KR102109630B1 - Linear guideway capable of detecting abnormal circulation state - Google Patents

Abstract

The present invention relates to a linear guideway comprising a rail and a sliding block. The sliding block is installed on the rail to form a single load passage between the rail and the sliding block. The sliding block has two rows of non-load passages. Each non-load passage penetrates two opposite end surfaces of the sliding block, and force sensors are installed on both ends of each non-load passage. Also, end covers are installed on the two opposite end surfaces of the sliding block, and each end cover has two rows of circulation grooves. Each circulation groove is meshed with one end of the non-load passages and the load passage, and the three collectively form a single circulation passage for balls to run. The linear guideway of the present invention uses the force sensors to sense a situation in which both ends of the non-load passages receive a force when colliding by the balls to determine the existence of a situation where the balls are abnormally pressed.

Description

LINEAR GUIDEWAY CAPABLE OF DETECTING ABNORMAL CIRCULATION STATE}

The present invention relates to a linear guideway, and more particularly, to a linear guideway capable of detecting a return abnormality.

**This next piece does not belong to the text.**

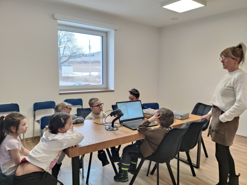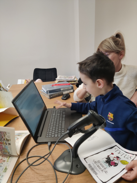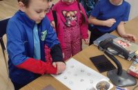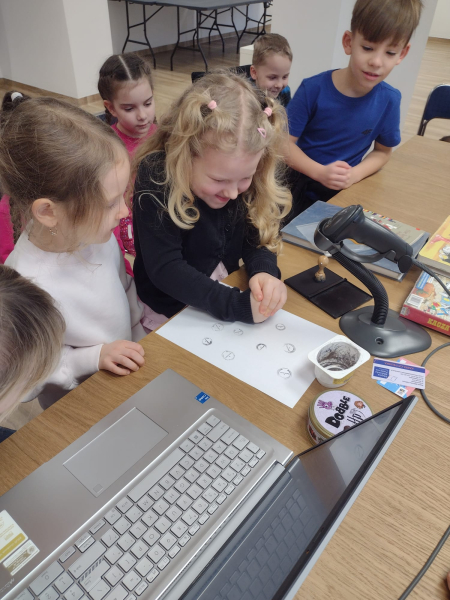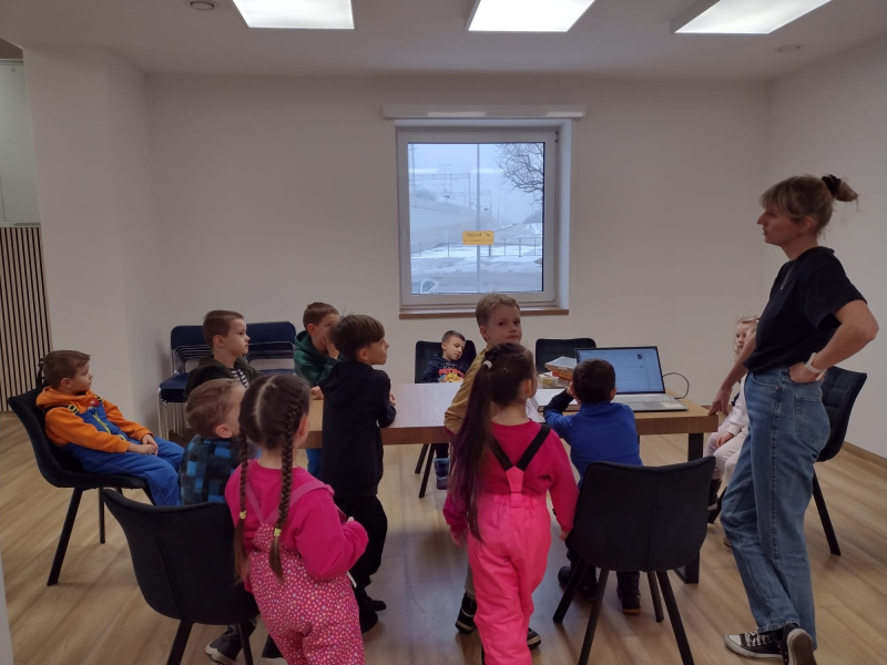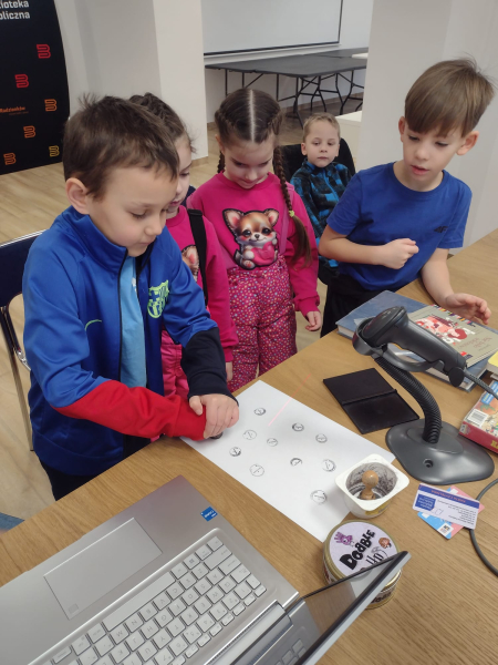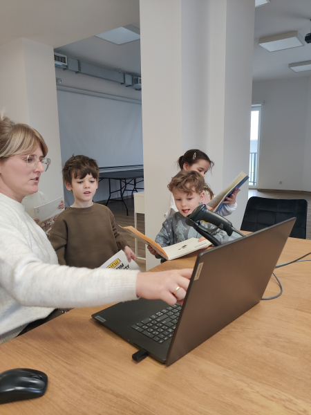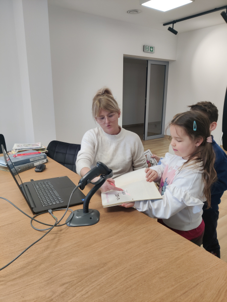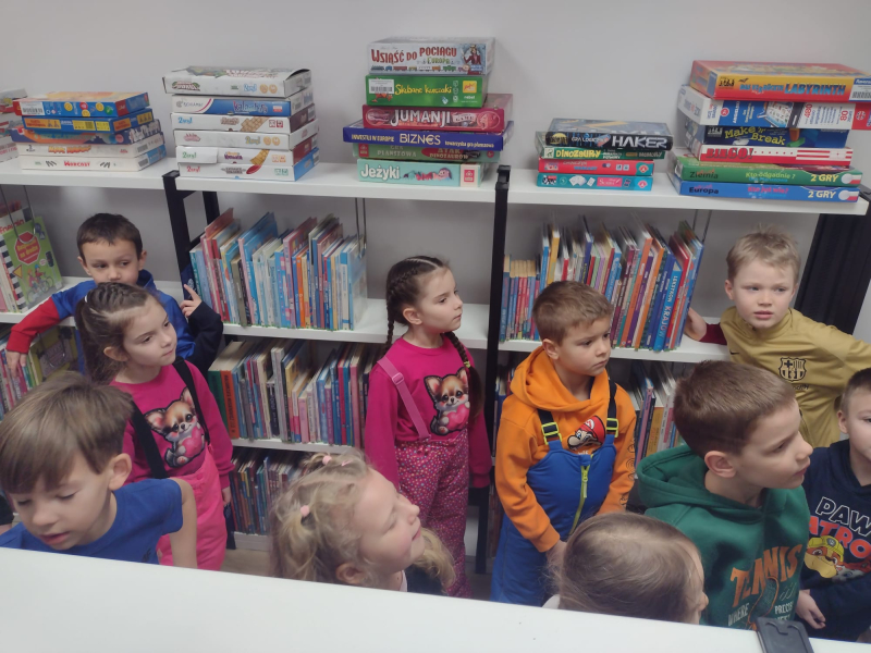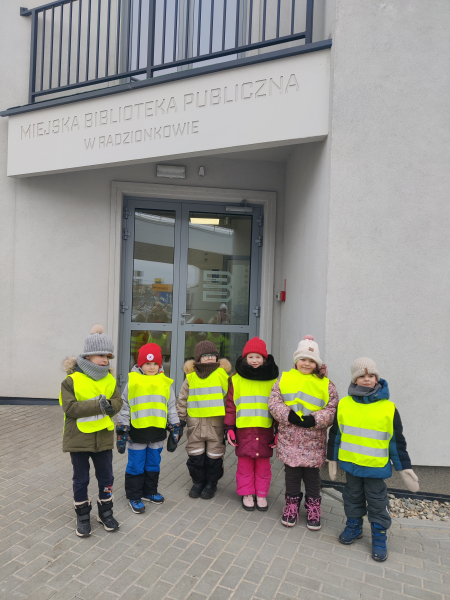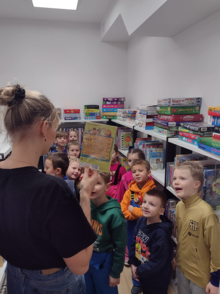 Dzieci z grup 5 i 6 - latków wzięły udział w wycieczce pieszej do nowej siedziby Miejskiej Biblioteki Publicznej w Radzionkowie. Dzieci miały okazję zobaczyć jak wygląda praca w bibliotece, a także wcielić się w rolę bibliotekarza i przejść cały proces od pojawienia się książki w bibliotece, do wypożyczenia czytelnikowi. Pani prowadząca opowiedziała również o książkach, od strony technicznej - autor, tytuł, okładka, ilustracje, a dzieci miały okazję zeskanować kody i wyszukać książki w systemie. Dzieci zwiedziły także część biblioteki przeznaczoną dla najmłodszych czytelników, a na pamiątke wizyty każdy otrzymał zakładkę do książki. Celem wizyty było zapoznanie dzieci z funkcjonowaniem biblioteki, rozwijanie zainteresowań czytelniczych oraz kształtowanie nawyku sięgania po książki.

Conventional linear guideways include rails and sliding blocks that are slidingly installed on rails, of which end covers are installed at both ends of the front and rear sides of the sliding block, and a plurality of rails, sliding blocks, and the two end covers are jointly provided. The ball forms a pair of circulation passages for driving.

In order to ensure the smooth running of the ball, a prior art has already been disclosed that detects whether a reflux abnormality is detected using different types of sensors. For example, the German patent DE19713688B4 installs a sensor in the load passage to detect the travel distance of a sliding block or nut, and the German patent DE102016205575A1 installs a sensor for detecting the preload to the cantilever arm portion of the load path. However, since there is a preload between the sliding block and the rail, basically, the problem that the ball is caught in the load path does not easily occur. Therefore, when the sensor is installed in the load path as in the above-mentioned two patents, it is difficult to immediately detect the situation in which reflux abnormality occurs.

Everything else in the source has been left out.